What Form of Folate Is Best for Patients on Evenity?
Standard folic acid (the synthetic oxidized form) requires conversion to 5-MTHF via MTHFR. Patients with the MTHFR C677T TT genotype convert folic acid poorly and may benefit from pre-methylated 5-methyltetrahydrofolate (5-MTHF, marketed as Quatrefolic or Metafolin) directly. [6]
For patients without known MTHFR variants, standard folic acid at 400 to 800 mcg daily covers dietary gaps and is the form used in the B.PROOF trial. [12] Folinic acid (leucovorin) is reserved for methotrexate toxicity rescue and is not appropriate for routine supplementation in the Evenity patient population.
The table below summarizes which folate form fits each clinical scenario for romosozumab patients:
| Clinical Scenario | Recommended Form | Dose Range | |---|---|---| | No known MTHFR variant, dietary gap only | Folic acid | 400 to 800 mcg daily | | MTHFR C677T homozygous (TT) | 5-MTHF (Quatrefolic/Metafolin) | 400 to 800 mcg daily | | Anticonvulsant co-use | Folic acid or 5-MTHF | 1 to 5 mg daily (clinician-directed) | | Post-methotrexate depletion | Folic acid | 1 to 5 mg daily on non-MTX days | | Elevated homocysteine (>10 micromol/L) | 5-MTHF plus B12 | 400 to 800 mcg 5-MTHF daily |
Monitoring Recommendations for Patients Taking Both
No special monitoring is required solely because folate and romosozumab are being co-administered. Monitoring needs arise from the patient's individual risk factors.
Baseline Labs to Consider
If a patient starting Evenity also has risk factors for folate insufficiency (anticonvulsant use, poor diet, MTHFR variant, prior methotrexate, alcohol use disorder, inflammatory bowel disease), baseline labs should include:
- Serum folate (reference: >3.0 ng/mL)
- Red blood cell folate (more reflective of tissue stores; reference: >140 ng/mL)

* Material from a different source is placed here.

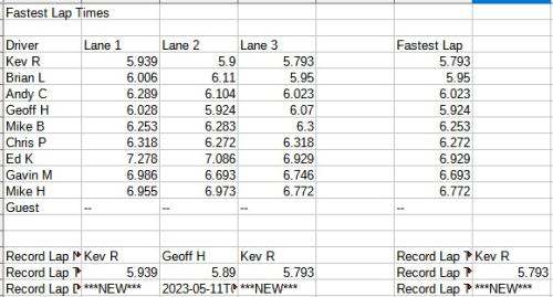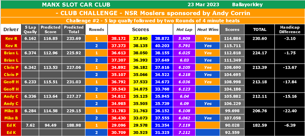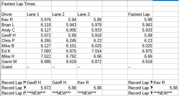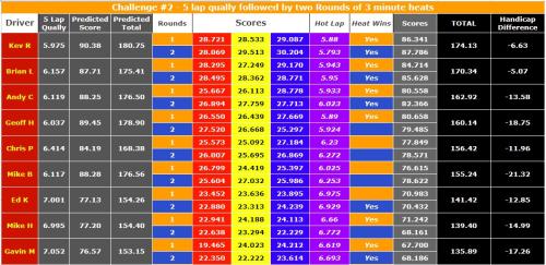 Andy announced we would be running 5 lap qually, the timer was set up with driver listings sorted at random by the computer program. All qually times and predicted scores are shown in the results table.

- Plasma homocysteine (target <10 micromol/L)
- Serum vitamin B12 (folate and B12 metabolism are linked; deficiency of B12 can mask folate status)
The NIH Office of Dietary Supplements recommends serum folate and RBC folate together when assessing deficiency because serum folate reflects recent intake while RBC folate reflects stores over the prior 2 to 3 months. [16]

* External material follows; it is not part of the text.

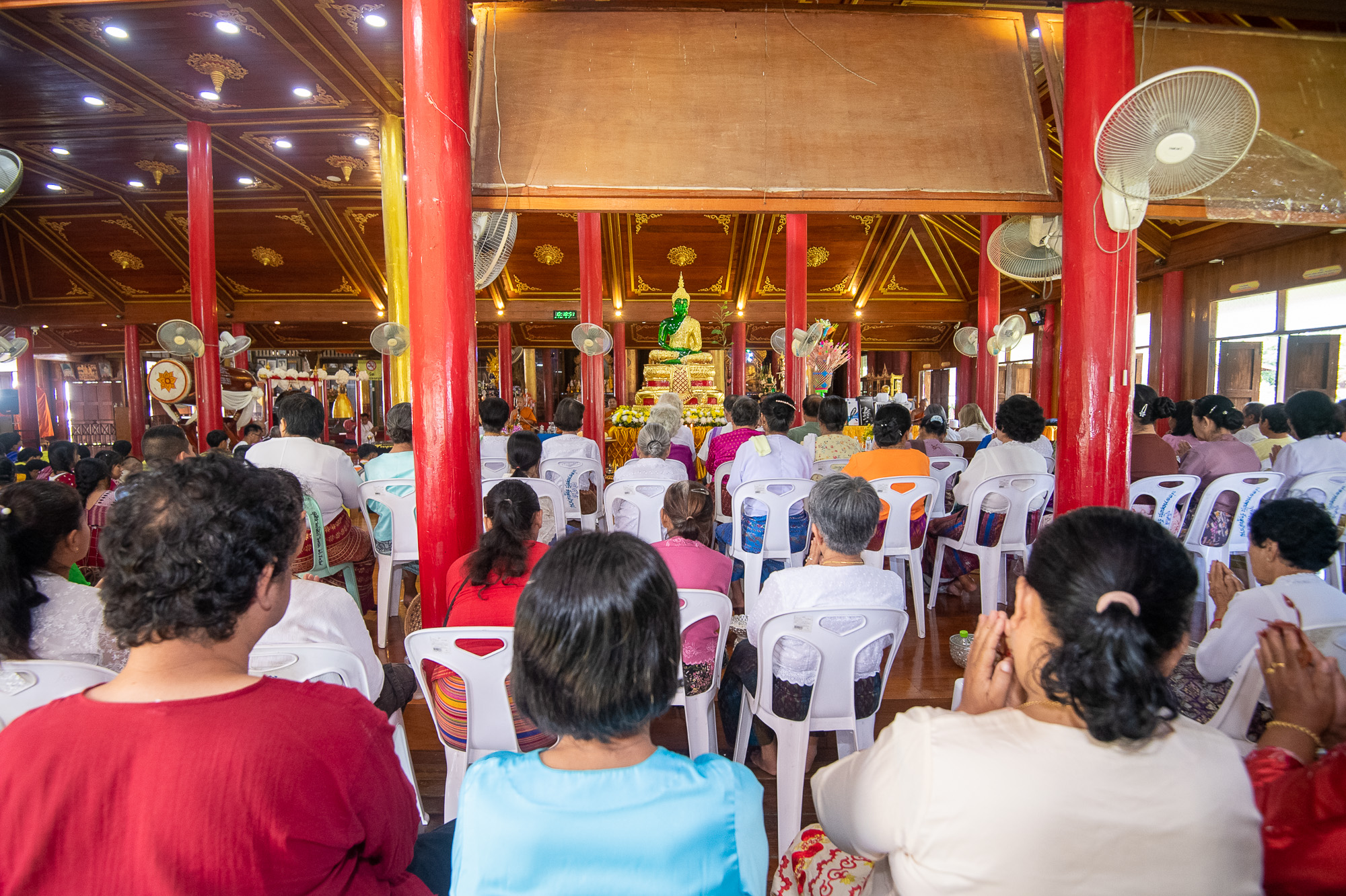 ทั้งนี้ภายในงาน ได้มีขบวนอัญเชิญพระแก้วมรกต กลองใหญ่ ฆ้องใหญ่ และระฆังใหญ่ ไปตามถนนรอบๆ หมู่บ้านเมืองปอน มีคณะศรัทธา ชาวบ้าน ร่วมอนุโมทนาบุญเป็นจำนวนมาก หลังจากนั้นมีการแสดงท้องถิ่น ต้อนรับคณะ ฯ มีพิธีทางสงฆ์ พิธีถวายพระแก้วมรกต คณะเจ้าภาพถวายเครื่องไทยทาน พระสงฆ์อนุโมทนา เป็นเสร็จพิธี.

Bone Density Monitoring on Romosozumab
The standard of care for romosozumab patients is dual-energy X-ray absorptiometry (DXA) at baseline and after the 12-month course to quantify BMD gains before transitioning to antiresorptive therapy. [2] Folate status does not alter DXA interpretation, but correcting elevated homocysteine before DXA may give a more accurate picture of true bone mineral quality versus quantity.
When to Involve a Specialist
Patients with homocysteine persistently above 15 micromol/L despite supplementation, or those with suspected MTHFR homozygosity plus a personal history of venous thromboembolism, should be referred to a hematologist or clinical geneticist for full methylation pathway assessment before adjusting folate doses further.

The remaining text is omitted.